NSW govt's election promise: Digital licences and police tech

The NSW Baird government has committed to rolling out the option for people to opt in for digital licences, and investing AU$100 million in new technology for NSW Police.

The Baird government has promised that if it is re-elected in the New South Wales state election on March 28, it plans to roll out digital licences over the next four years.

The government said this will give Australians the choice, for the first time, to have a range of the common licences, including NSW photo cards, boat and fishing licences, and eventually drivers' licences, in a digital format, eliminating the need to carry multiple licences in their wallets.

It will be an opt-in option, and physical licences will continue to be available.

The government has appointed the Digital Council to develop a road map to execute the promise. The Digital Council will be chaired by customer service commissioner Mike Pratt, who will be joined by experts from Police, Roads and Maritime Services, Office of Finance, and Service NSW. The council will also seek input from the corporate sector.

NSW Minister for Finance and Services Dominic Perrottet said the plan is to offer NSW residents a more convenient licensing system that will match the digital shift seen in other sectors.

"Customers are doing more and more transactions on their smartphones. From cafes to banks, businesses are offering customers the opportunity to access their services, loyalty programs, and payment systems through smartphone apps," he said.

"While the private sector has shifted to digital, the NSW government must do the same."

Perrottet added that the plan is expected to save the government "tens of millions of dollars" from needing to print plastic cards each year.

In a separate announcement last week, the state government plans to invest AU$100 million over the next four years in technology that will assist NSW Police with investigations.

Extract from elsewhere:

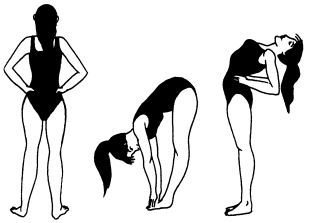 Это упражнение помогает усилить и привести в норму кровообращение в области спины. Исходное положение: встаньте прямо. Большими пальцами рук медленно массируйте участки спины в области поясницы с обеих сторон вдоль позвоночника, представляя себе, как тело, размягчаясь, становится более гибким. Затем энергично, но плавно, а не резко, наклонитесь вперед, стараясь достать руками пол. Выпрямитесь и согнитесь назад как можно ниже — тоже плавными, мягкими движениями, не рывком. Снова выпрямитесь и сделайте несколько энергичных, но мягких наклонов вправо-влево. Делайте упражнение каждый день.

Some technologies will include body-worn video cameras that will be rolled out in stages to all front-line officers; tablet computers for front-line officers to access police computer resources in the field; mobile fingerprint scanners for instant offender identification in the field; and TruNarc handheld testing machines to enable police to scan for multiple narcotics.

The technology rollouts will be in addition to the current NSW Police trial with 500 Samsung Galaxy smartphones. As part of the pilot, front-line police officers are able to conduct background checks on vehicles and persons of interest while in the field.